[[ AVAILABLE DATA, beginning ]]

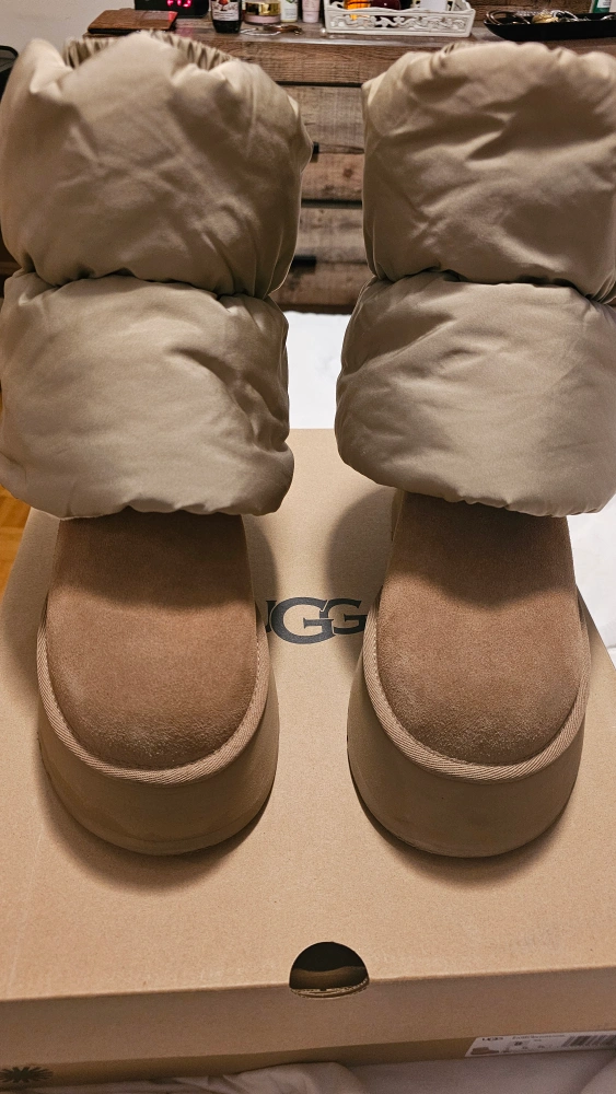 Quilted, puffer-inspired upper that’s perfect for winter. This cozy boot includes UGG’s signature sheepskin lining for warmth and a lightweight outsole with enhanced traction. The water-resistant material makes it ideal for casual wear in cooler weather, combining practicality with a sleek, modern look.
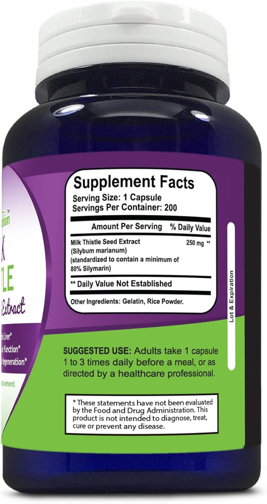 Sonora Nutrition Milk Thistle Extract 250mg - 200 Capsules, Standardized with 80% Silymarin
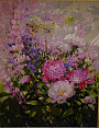 Если вы любитель цветочных натюрмортов, эта работа вам точно понравится. Сочетание пышных садовых пионов и необычных изысканных люпинов – букет для настоящего флористического гурмана. Несмотря на то, что в картине используется множество оттенков, вся она выдержана в нежных и сдержанных тонах.

[[ AVAILABLE DATA, end ]]

#### [TASK ITEM]
Please write the data out again exactly, but do not carry over the pictures.

#### [RESULT BELOW]
 Quilted, puffer-inspired upper that’s perfect for winter. This cozy boot includes UGG’s signature sheepskin lining for warmth and a lightweight outsole with enhanced traction. The water-resistant material makes it ideal for casual wear in cooler weather, combining practicality with a sleek, modern look.
 Sonora Nutrition Milk Thistle Extract 250mg - 200 Capsules, Standardized with 80% Silymarin
 Если вы любитель цветочных натюрмортов, эта работа вам точно понравится. Сочетание пышных садовых пионов и необычных изысканных люпинов – букет для настоящего флористического гурмана. Несмотря на то, что в картине используется множество оттенков, вся она выдержана в нежных и сдержанных тонах.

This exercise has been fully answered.